- **WORK REQUEST**
Would you retype the listing below word for word, without any of its pictures?

- **GIVEN INFORMATION**
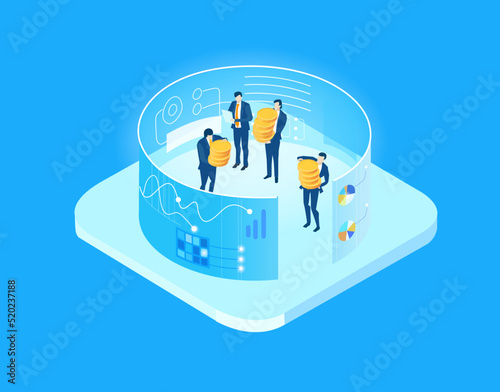 Полицейские патрулируют улицу, чтобы избежать нарушений комендантского часа, плоская векторная изометрическая иллюстрация. Оставайтесь дома в определенное время, в часы комендантского часа.
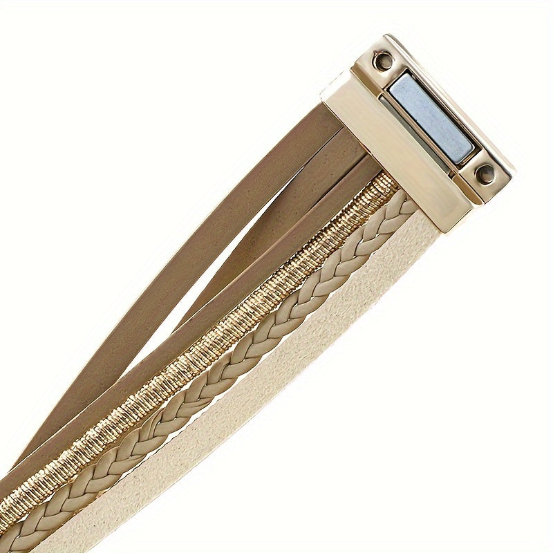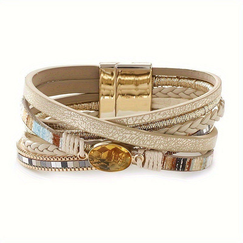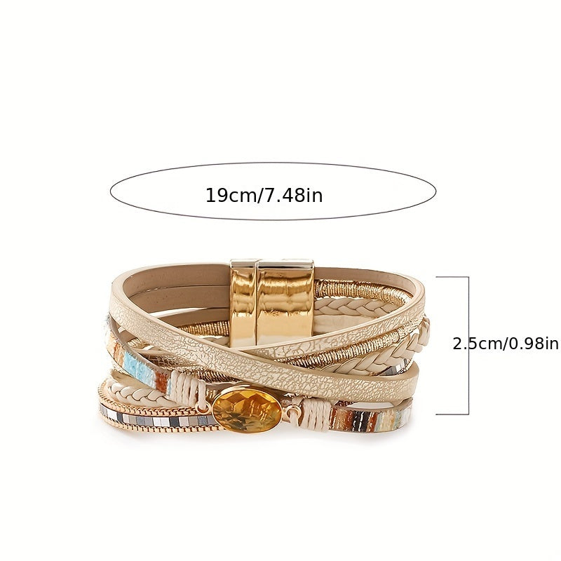 Vintage Bohemian Crystal Beaded Bracelet with Faux Leather Wrap and Magnetic Clasp
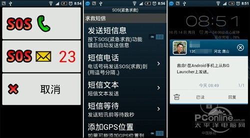 而且Big Launcher的设计非常人性化,不但支持同时关联多部手机(比如同时关联丈夫和妻子),还特别加入了一项拨号/短信延迟功能(默认30秒,可自改),当老人发现自己是误点后,只要按下“取消”键即可中止信息发送。如果你的手机支持GPS,还会有一个特别福利发出,即自动在短信后附加GPS的详细定位,以帮助亲友快速定位老人位置。

- **TASK ANSWER**
 Полицейские патрулируют улицу, чтобы избежать нарушений комендантского часа, плоская векторная изометрическая иллюстрация. Оставайтесь дома в определенное время, в часы комендантского часа.
 Vintage Bohemian Crystal Beaded Bracelet with Faux Leather Wrap and Magnetic Clasp
 而且Big Launcher的设计非常人性化,不但支持同时关联多部手机(比如同时关联丈夫和妻子),还特别加入了一项拨号/短信延迟功能(默认30秒,可自改),当老人发现自己是误点后,只要按下“取消”键即可中止信息发送。如果你的手机支持GPS,还会有一个特别福利发出,即自动在短信后附加GPS的详细定位,以帮助亲友快速定位老人位置。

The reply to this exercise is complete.